School of technology, Beijing Forestry University, Beijing 100083, China.
Key Lab of State Forestry Administration for Forestry Equipment and Automation, Beijing 100083, China.
Yi Chuan. 2024 Aug;46(8):661-669. doi: 10.16288/j.yczz.24-102.
The identification of enzyme functions plays a crucial role in understanding the mechanisms of biological activities and advancing the development of life sciences. However, existing enzyme EC number prediction methods did not fully utilize protein sequence information and still had shortcomings in identification accuracy. To address this issue, we proposed an EC number prediction network using hierarchical features and global features (ECPN-HFGF). This method first utilized residual networks to extract generic features from protein sequences, and then employed hierarchical feature extraction modules and global feature extraction modules to further extract hierarchical and global features of protein sequences.
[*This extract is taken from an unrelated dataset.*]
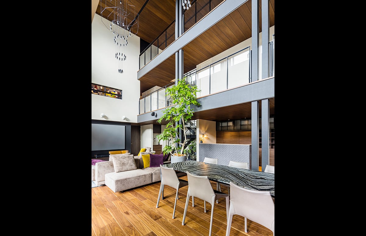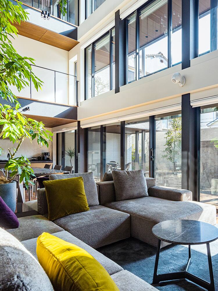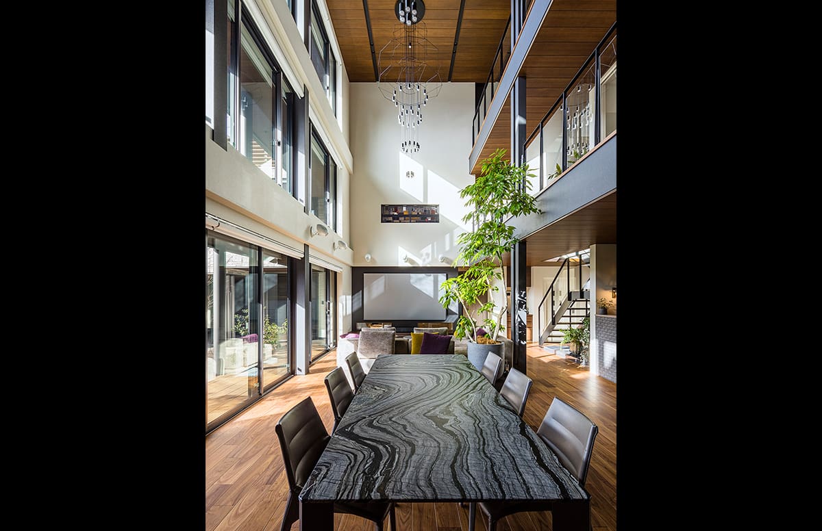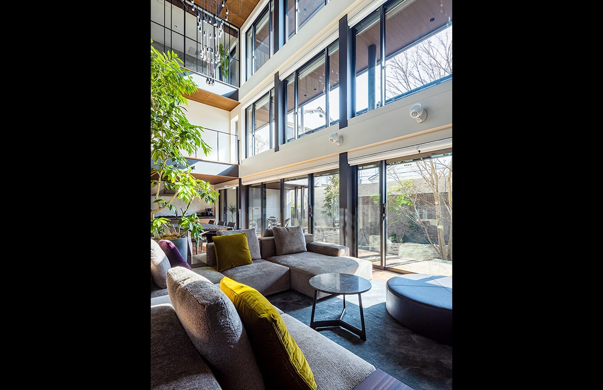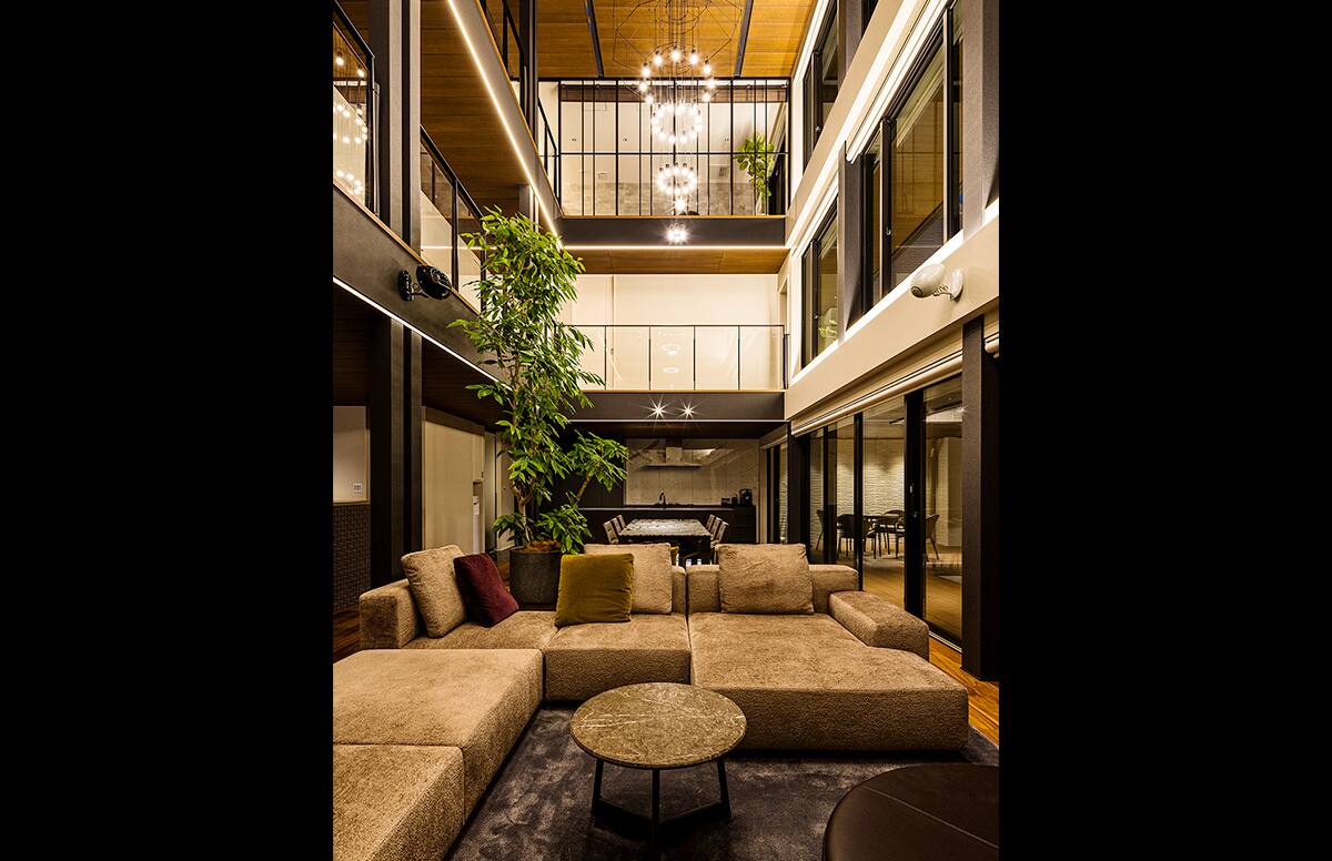TOPWORKS114 空域の家 CONCEPT 幹線道路から1本入った住宅密集地に建つ3階建て住宅。 隣接する家が多く、全面道路も狭く歩道もあり、落ち着かない環境の為、コの字型にした建物中央に緑地帯を設け、それを中心に部屋を構成しています。 緑地帯に向かって広がる3層吹抜けのLDKは圧巻で、外部からは想像できない開放感を実現しています。 照明計画にもこだわり、昼と夜で全く違う雰囲気を感じさせてくれます。 DESIGNER/COORDINATOR 竹中 敬介Keisuke Takenaka デザイナー 代表作品をみる WORKS一覧に戻る 「THE HOUSE」デジタル版 カタログプレゼント 邸宅実例カタログ「THE HOUSE」デジタル版プレミアムサイトをご覧頂いた皆様に限定プレゼントいたします。 「THE HOUSE」デジタル版ご請求はこちら

Subsequently, the prediction results of both feature types were combined, and a multitask learning framework was utilized to achieve accurate prediction of enzyme EC numbers. Experimental results indicated that the ECPN-HFGF method performed best in the task of predicting EC numbers for protein sequences, achieving macro F1 and micro F1 scores of 95.5% and 99.0%, respectively. The ECPN-HFGF method effectively combined hierarchical and global features of protein sequences, allowing for rapid and accurate EC number prediction. Compared to current commonly used methods, this method offers significantly higher prediction accuracy, providing an efficient approach for the advancement of enzymology research and enzyme engineering applications.
酶功能的鉴定在理解生物活性的机制和推进生命科学的发展方面起着至关重要的作用。然而,现有的酶 EC 编号预测方法并没有充分利用蛋白质序列信息,在识别准确性方面仍存在不足。为了解决这个问题,我们提出了一种使用层次特征和全局特征的 EC 编号预测网络(ECPN-HFGF)。该方法首先利用残差网络从蛋白质序列中提取通用特征,然后利用层次特征提取模块和全局特征提取模块进一步提取蛋白质序列的层次和全局特征。随后,将两种特征类型的预测结果进行组合,并利用多任务学习框架实现酶 EC 编号的准确预测。实验结果表明,ECPN-HFGF 方法在蛋白质序列 EC 编号预测任务中表现最佳,宏 F1 和微 F1 得分分别达到 95.5%和 99.0%。ECPN-HFGF 方法有效地结合了蛋白质序列的层次和全局特征,能够实现快速准确的 EC 编号预测。与当前常用的方法相比,该方法具有更高的预测准确性,为酶学研究和酶工程应用的发展提供了一种高效的方法。